▸ Aim of the exercise: Starting at the line below with "and let thine" and stopping at the line with "гр Настільна гра", please print each line exactly, those two included, and skip every picture.

▸ Information:
■ ■ ■ ■

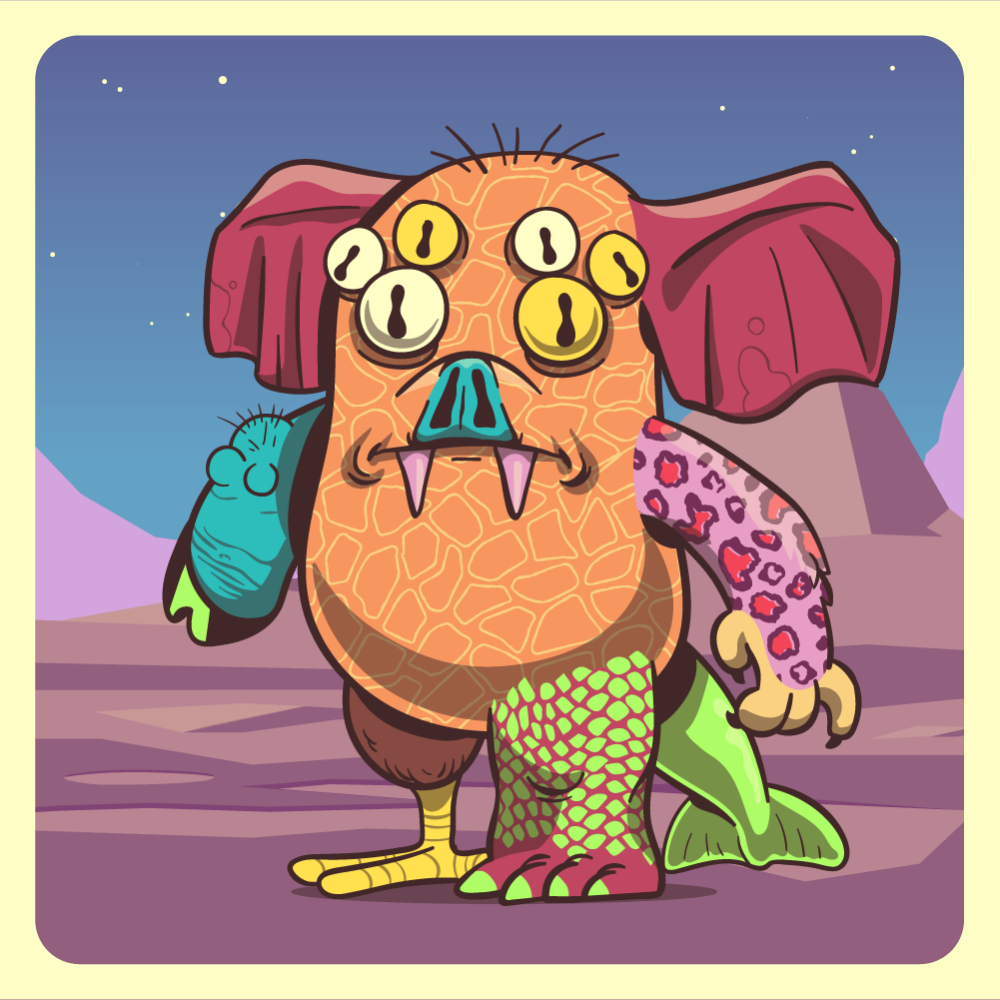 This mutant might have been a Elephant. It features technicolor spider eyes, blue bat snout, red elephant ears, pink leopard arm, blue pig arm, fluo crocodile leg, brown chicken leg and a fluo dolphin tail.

■ ■ ■ ■

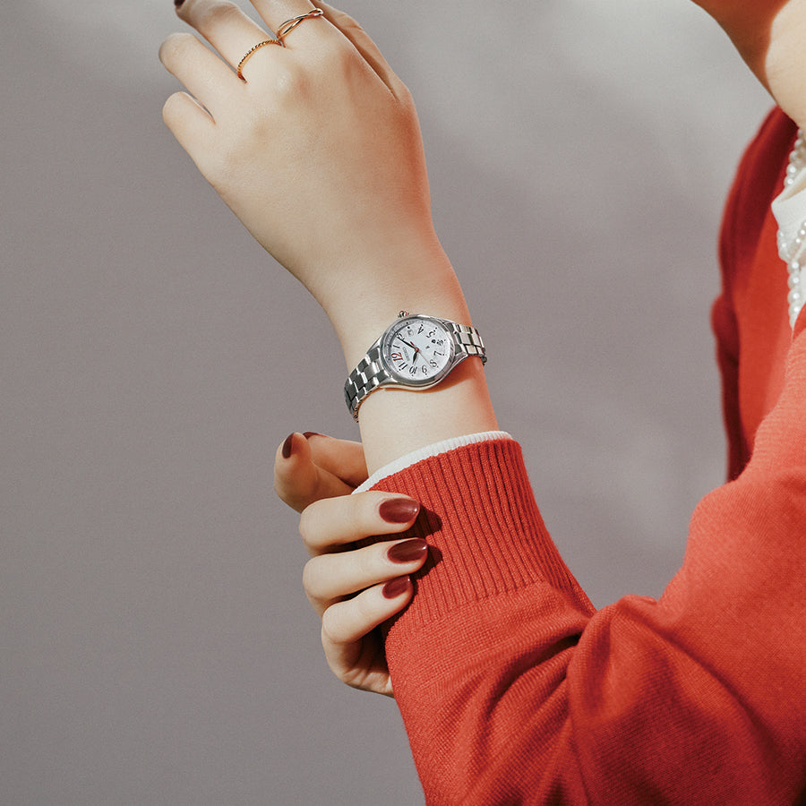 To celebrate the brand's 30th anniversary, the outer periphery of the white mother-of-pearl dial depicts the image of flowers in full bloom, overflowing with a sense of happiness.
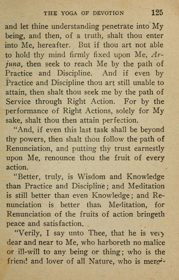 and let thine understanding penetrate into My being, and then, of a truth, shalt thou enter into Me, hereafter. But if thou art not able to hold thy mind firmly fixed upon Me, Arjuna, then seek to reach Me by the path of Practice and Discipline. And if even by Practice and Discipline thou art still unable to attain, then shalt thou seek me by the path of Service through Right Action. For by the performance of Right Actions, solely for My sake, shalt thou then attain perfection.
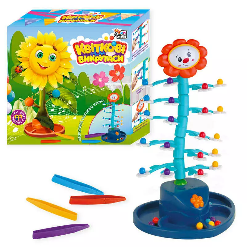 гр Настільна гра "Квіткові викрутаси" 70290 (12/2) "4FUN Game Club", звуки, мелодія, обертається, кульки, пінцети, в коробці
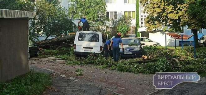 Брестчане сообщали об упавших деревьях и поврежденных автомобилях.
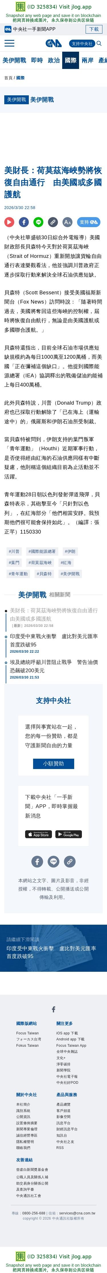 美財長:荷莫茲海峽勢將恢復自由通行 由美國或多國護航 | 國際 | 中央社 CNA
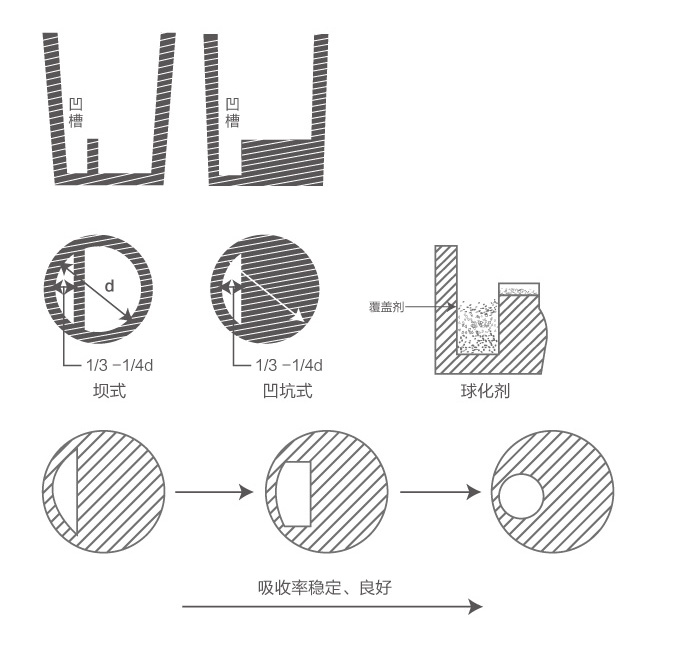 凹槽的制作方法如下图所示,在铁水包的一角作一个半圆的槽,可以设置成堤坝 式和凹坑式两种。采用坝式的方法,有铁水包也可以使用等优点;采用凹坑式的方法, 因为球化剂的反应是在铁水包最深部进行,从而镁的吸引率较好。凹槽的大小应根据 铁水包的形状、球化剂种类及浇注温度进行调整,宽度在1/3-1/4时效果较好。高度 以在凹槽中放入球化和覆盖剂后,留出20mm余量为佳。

■ ■ ■ ■

▸ Worked solution:
 and let thine understanding penetrate into My being, and then, of a truth, shalt thou enter into Me, hereafter. But if thou art not able to hold thy mind firmly fixed upon Me, Arjuna, then seek to reach Me by the path of Practice and Discipline. And if even by Practice and Discipline thou art still unable to attain, then shalt thou seek me by the path of Service through Right Action. For by the performance of Right Actions, solely for My sake, shalt thou then attain perfection.
 гр Настільна гра "Квіткові викрутаси" 70290 (12/2) "4FUN Game Club", звуки, мелодія, обертається, кульки, пінцети, в коробці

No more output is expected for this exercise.